2CH3OH + 3O2 ==> 2CO2 + 4H2O
DHrxn = (n*DHfproducts) - (n*DHfreactants).
Look up delta Hf for CO2 and H2O and CH3OH, substitute into the equation I gave you above and calculate delta H for the reaction.
DHrxn = (n*DHfproducts) - (n*DHfreactants).
Look up delta Hf for CO2 and H2O and CH3OH, substitute into the equation I gave you above and calculate delta H for the reaction.
The balanced chemical equation for the combustion of methanol is:
CH3OH(l) + 1.5O2(g) → CO2(g) + 2H2O(l)
Step 1: Find the enthalpy change (ΔH) of the combustion reaction using the enthalpy of formation:
ΔH = ΣnΔHf°(products) - ΣnΔHf°(reactants)
Where:
- ΣnΔHf°(products) is the sum of the enthalpies of formation of the products, multiplied by their stoichiometric coefficients.

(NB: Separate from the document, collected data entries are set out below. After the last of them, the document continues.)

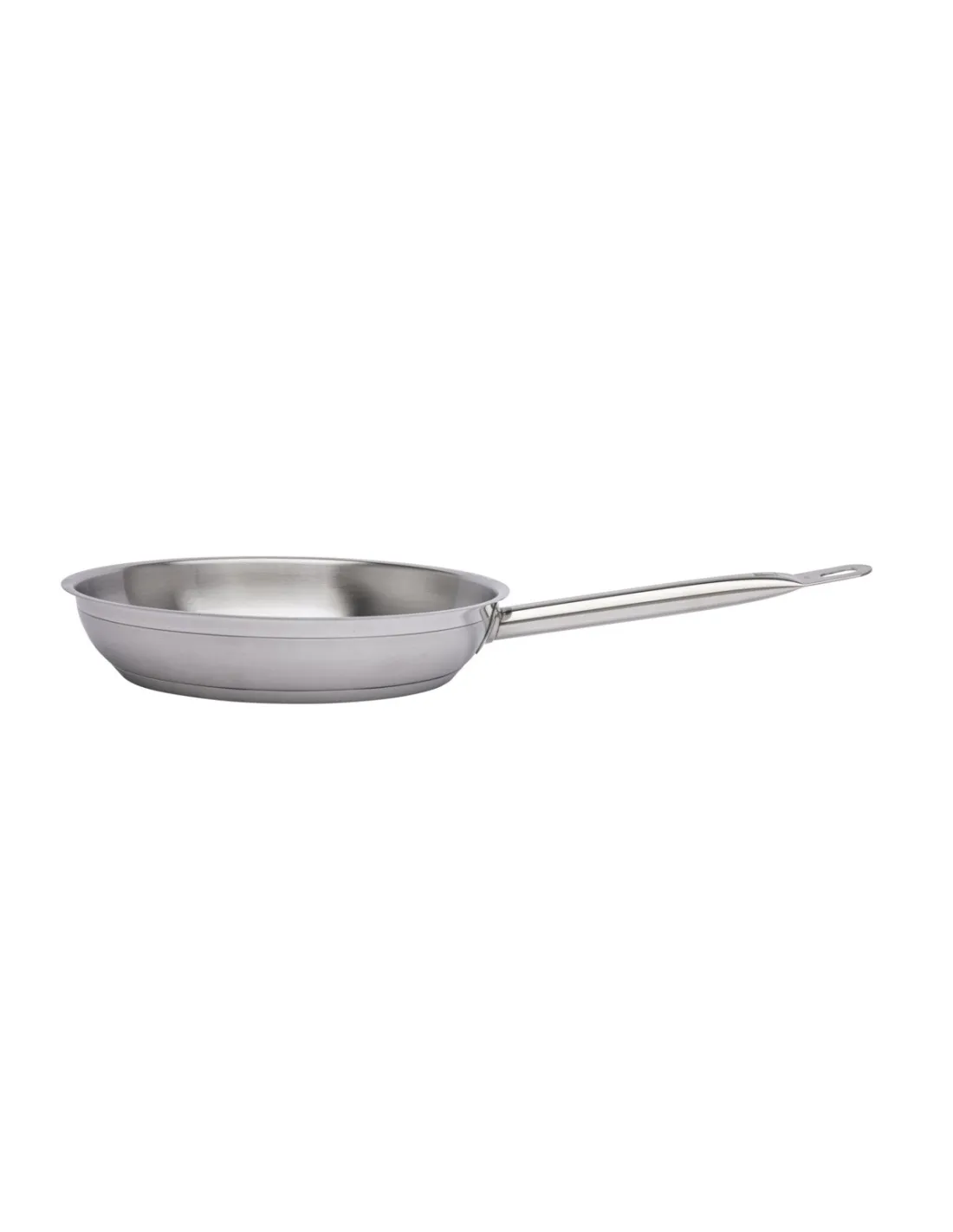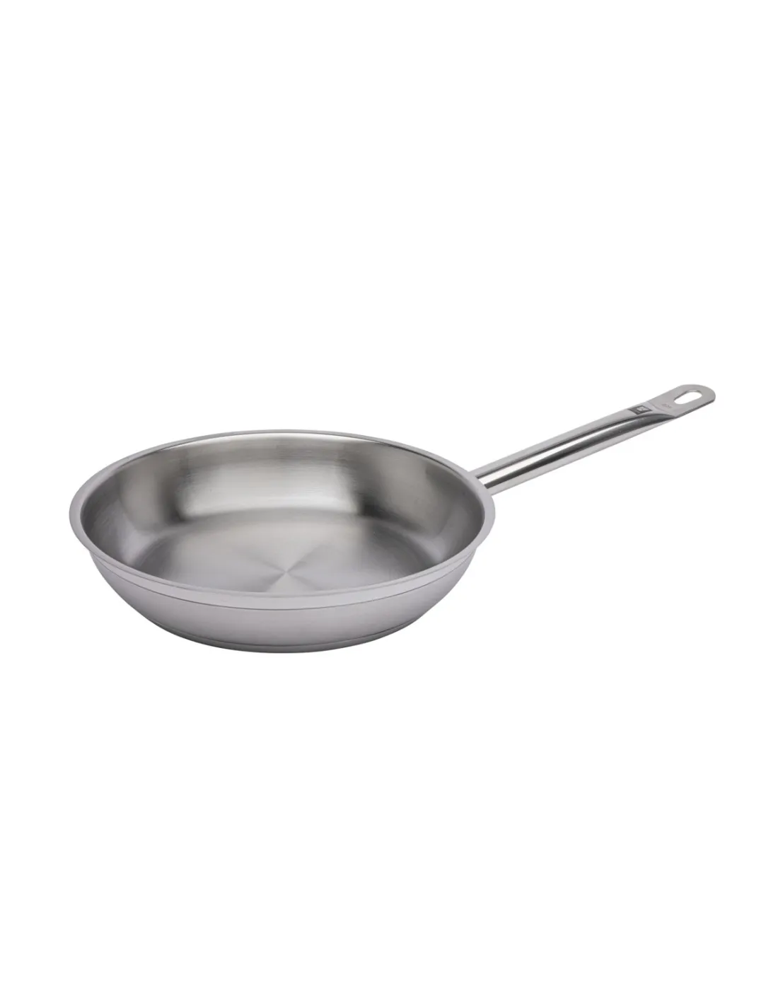 Round stainless steel frying pan with a diameter of 24 cm and a height of 5.5 cm. Resistant to corrosion and food acids, with encapsulated base (stainless steel-aluminum-stainless steel) for...
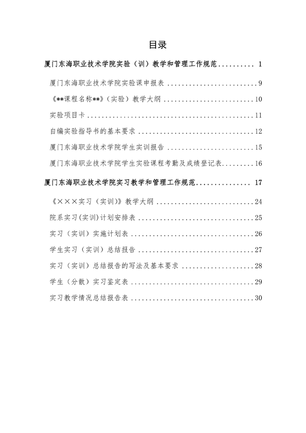 厦门东海职业技术学院实践教学规范汇编
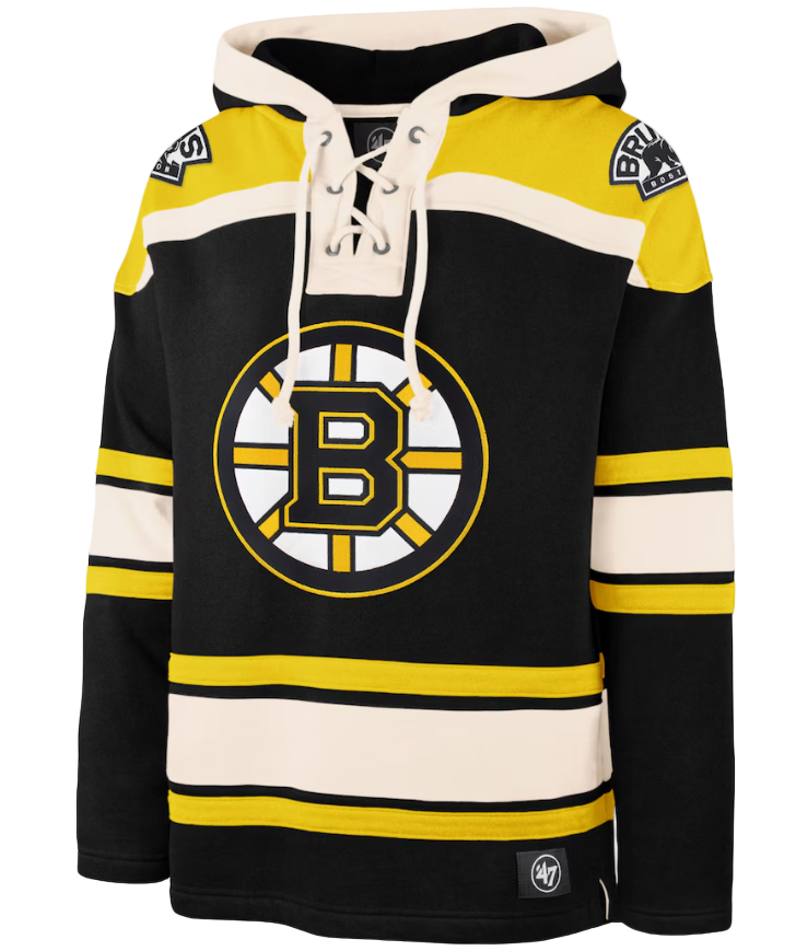 Gear up like a true Bruins fan in this sleek '47 Brand hoody. The jet black Superior Lacer design delivers classic team pride with a modern edge—perfect for game day or casual wear. Premium construction keeps you comfortable whether you're cheering from the stands or just showing your Black and Gold loyalty around town. Lace up your fandom and rep Boston hockey in style.
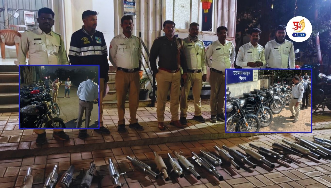 Pune News : पुणे शहर वाहतूक पोलिसांनी २० फेब्रुवारी २०२६ रोजी संपूर्ण शहरात मॉडिफाईड सायलेन्सर असलेल्या बुलेट मोटरसायकलींविरोधात विशेष मोहीम राबवली. या कारवाईत एकूण ३४८ बुलेट वाहनांवर दंडात्मक कारवाई करण्यात आली. सर्व संबंधित वाहनांचे मॉडिफाईड सायलेन्सर तात्काळ काढून जप्त करण्यात आले. या मोहिमेदरम्यान ₹३,३४,००० इतका दंड शासनाकडे जमा करण्यात आला असून ३४८ मॉडिफाईड सायलेन्सर आणि १४८ वाहने जप्त करण्यात आली.
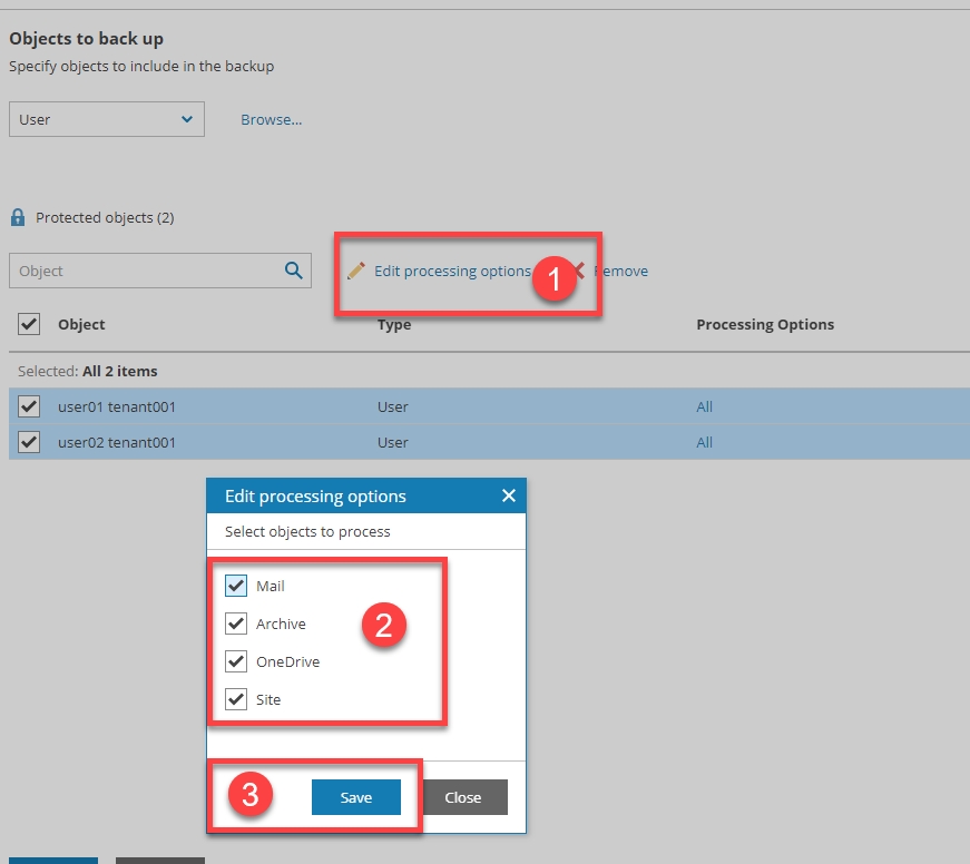 [Đối với các loại đối tượng User, Teams, Group, và Current organization] Trong cửa sổ Edit processing options, chọn các tùy chọn xử lý cần thiết và nhấn Save.
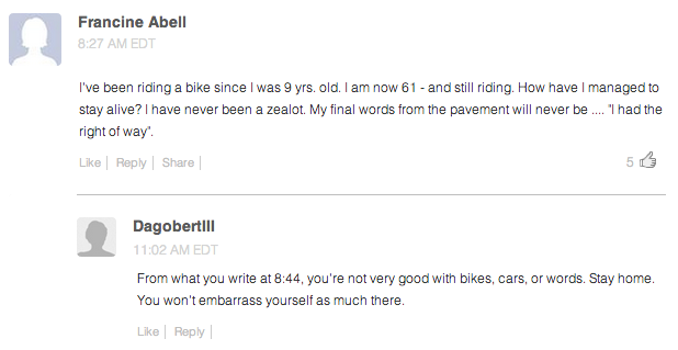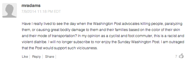 But before I do a victory lap, let’s just take a quick look at the comment section of the article, shall we? I’m sure the bicyclists in our nation’s capital took this in stride, right?
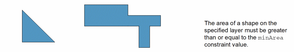 To specify the minimum area allowed for rectangular shapes on a layer, use the oaMinRectArea constraint.

- ΣnΔHf°(reactants) is the sum of the enthalpies of formation of the reactants, multiplied by their stoichiometric coefficients.
Step 2: Substitute the enthalpies of formation for the reactants and products into the equation:
ΔH = [ΔHf°(CO2) + 2ΔHf°(H2O)] - [ΔHf°(CH3OH) + 1.5ΔHf°(O2)]
Step 3: Look up the enthalpies of formation from a reliable source. The standard enthalpies of formation for methanol (CH3OH), carbon dioxide (CO2), water (H2O), and oxygen (O2) are as follows:
ΔHf°(CH3OH) = -201 kJ/mol
ΔHf°(CO2) = -394 kJ/mol
ΔHf°(H2O) = -286 kJ/mol
ΔHf°(O2) = 0 kJ/mol
Step 4: Plug in the values into the equation:
ΔH = [ (-394 kJ/mol) + 2(-286 kJ/mol) ] - [ (-201 kJ/mol) + 1.5(0 kJ/mol) ]
ΔH = [ -976 kJ/mol ] - [ -201 kJ/mol ]
ΔH = -775 kJ/mol
Therefore, the enthalpy of combustion of methanol (CH3OH) is -775 kJ/mol. The negative sign indicates that the reaction is exothermic, meaning it releases heat energy.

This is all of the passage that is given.